───── STORED DATA ─────

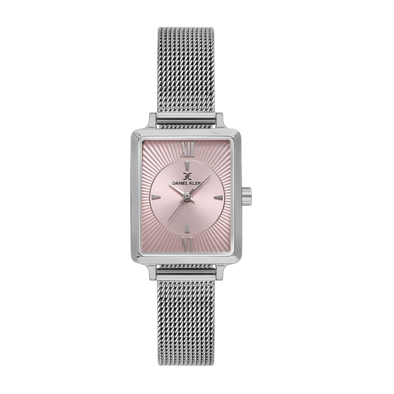 Елегантен дамски часовник Daniel Klein от колекцията Premium. Аналогов дисплей в розов цвят със сребристи детайли. Метален корпус. Меш верижка от неръждаема стомана. Стъкло минерал-кристал. Задвижва се от кварцов механизъм Y121F1. Водоустойчивост 3 ATM - допускат се леки пръски, не се препоръчва обилно мокрене.
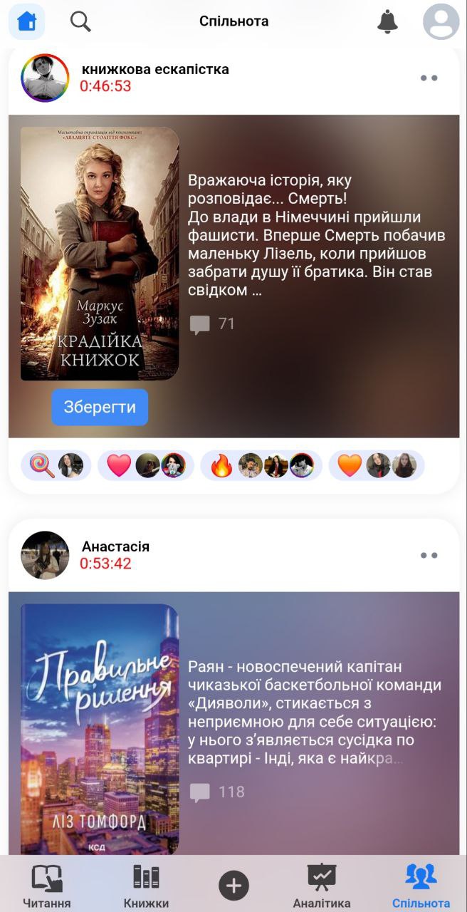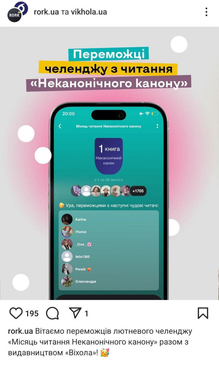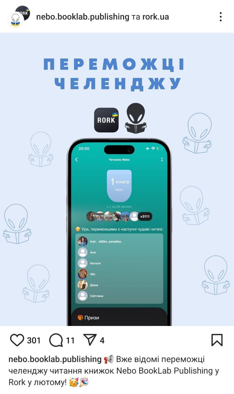 У Rork є можливість робити нотатки й зберігати цитати з твору, який ви читаєте. Також можна додавати книги у список запланованих і переглядати читацькі вподобання друзів. Додаток має спільноту: ви можете підписатись на однодумців. Цікава «родзинка» — челенджі з призами. Rork проводить їх регулярно та оголошує переможців на своїй інстаграм-сторінці. Читати й вигравати книги — чом не чудова можливість?
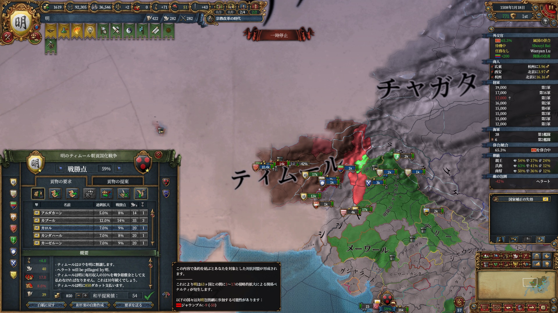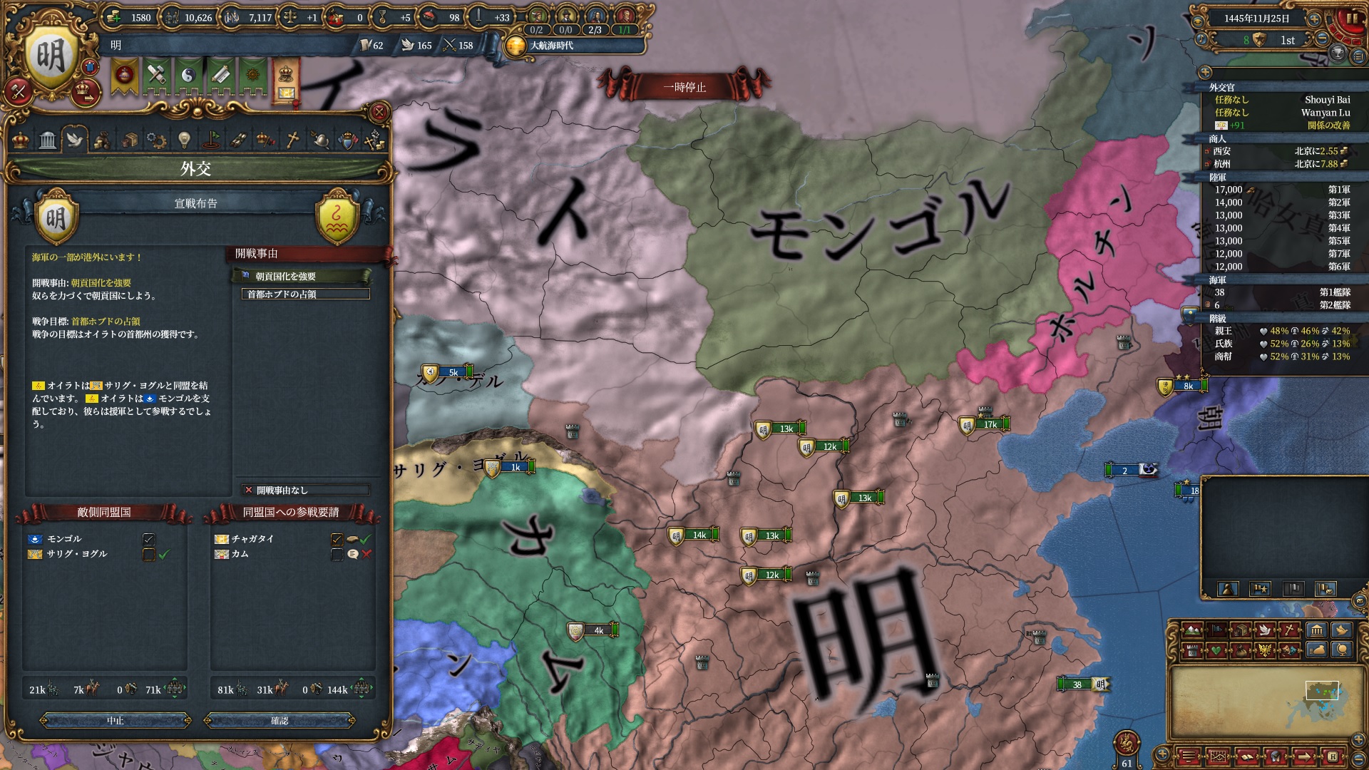 カムは外交属国化してインドへの足掛かり用、チャガダイは初手オイラト戦用です。

─────

▶ [THE TASK] For this exercise, retype the listing above word for word and omit the pictures.

▶ [EXERCISE RESPONSE]
 Елегантен дамски часовник Daniel Klein от колекцията Premium. Аналогов дисплей в розов цвят със сребристи детайли. Метален корпус. Меш верижка от неръждаема стомана. Стъкло минерал-кристал. Задвижва се от кварцов механизъм Y121F1. Водоустойчивост 3 ATM - допускат се леки пръски, не се препоръчва обилно мокрене.
 У Rork є можливість робити нотатки й зберігати цитати з твору, який ви читаєте. Також можна додавати книги у список запланованих і переглядати читацькі вподобання друзів. Додаток має спільноту: ви можете підписатись на однодумців. Цікава «родзинка» — челенджі з призами. Rork проводить їх регулярно та оголошує переможців на своїй інстаграм-сторінці. Читати й вигравати книги — чом не чудова можливість?
 カムは外交属国化してインドへの足掛かり用、チャガダイは初手オイラト戦用です。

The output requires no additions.